Rice University’s Student Newspaper — Since 1916

Thursday, April 25, 2024 — Houston, TX

Zach Marshall


NEWS 8/28/08 7:00pm

Freshman involvement vital for campus

Look, I know we were all freshmen once, but I think it is time we be reasonable, time we be honest with ourselves, time we sit down and say, "Enough is enough - we hate the freshmen." Every year, a wave of greedy-eyed, overzealous freshmen swarm in like gold prospectors and either steal or ruin all Rice's valuable resources and perks, which are naturally meant for the use of the upperclassmen. With their sophomoric antics (no offense, sophomores) and sociopathic, type-A personalities, these freshmen annually reduce Rice to a state of martial law: Every fall, freshmen create Soviet-era queues at the bookstore, turn Autry Court into a zoo, overrun our precious sports fields, steal all the good study spots on campus, occupy every single Fondren Library computer the one time I desperately need to print out a document, get ridiculously drunk and then puke directly outside my door on Friday night . like they do every year. Not that I am bitter.Isn't the freshmen progression slightly too predictable?

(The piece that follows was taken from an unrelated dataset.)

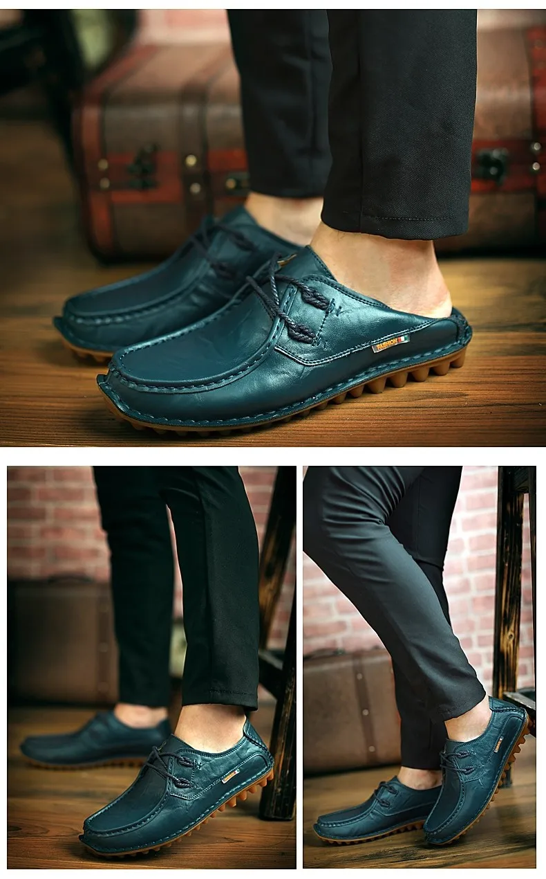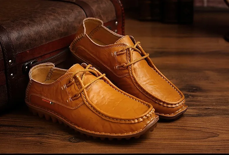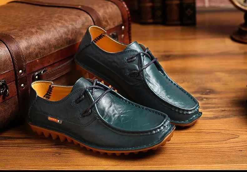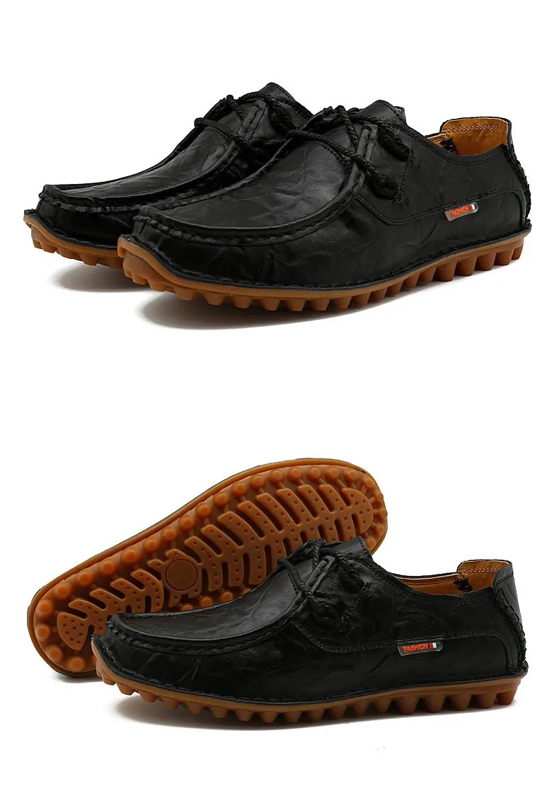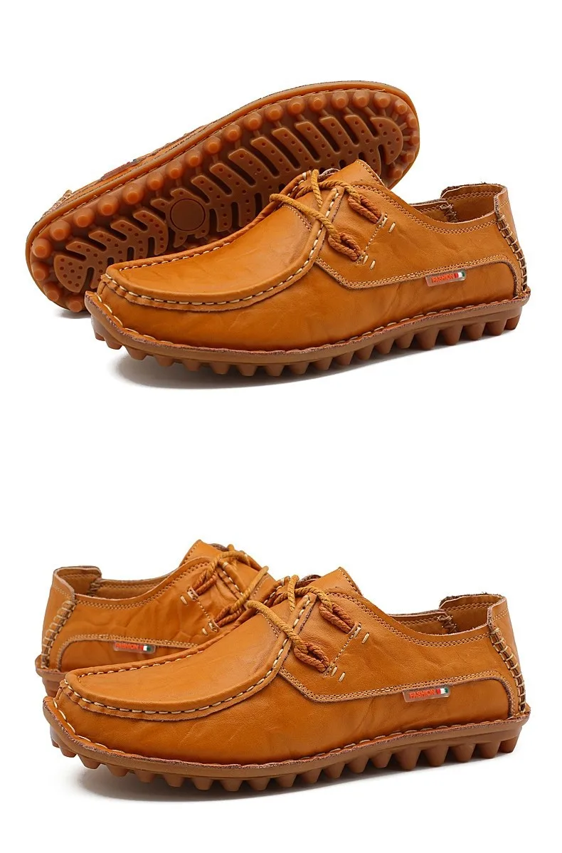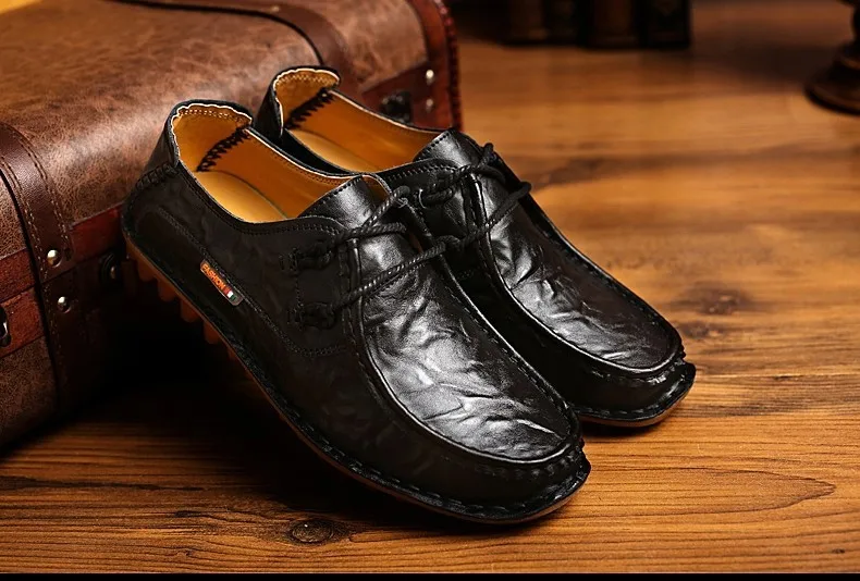ODMORP New Fashion Men's Shoes Casual Leather Flats Brown Soft Shoes For Men Business Dress Shoes Black Zapatos Hombre

Each fall we witness a bunch of cocky little runts inundate the campus, flood every useful facility, ruin college aesthetics with their haughtiness, take all the KTRU bumper stickers so I can't even find the yellow letters necessary to spell "Zach is a stud," act like idiots on the weekend, slowly lose their zeal for life due to the horrors of orgo and physics classes, generally make stupid decisions and total fools of themselves and ultimately fail to rebrand themselves as something other than the pathetic geeks they were in high school. It is not until Christmas that things return to normal, i.e., when conversations are no longer routinely punctuated by a prepubescent voice behind you squeaking, "That's what SHE said!". or more accurately, not squeaking anything at all, but rather silently thinking similarly-perverted thoughts behind an awkwardly blank look. Those socially backward freshmen.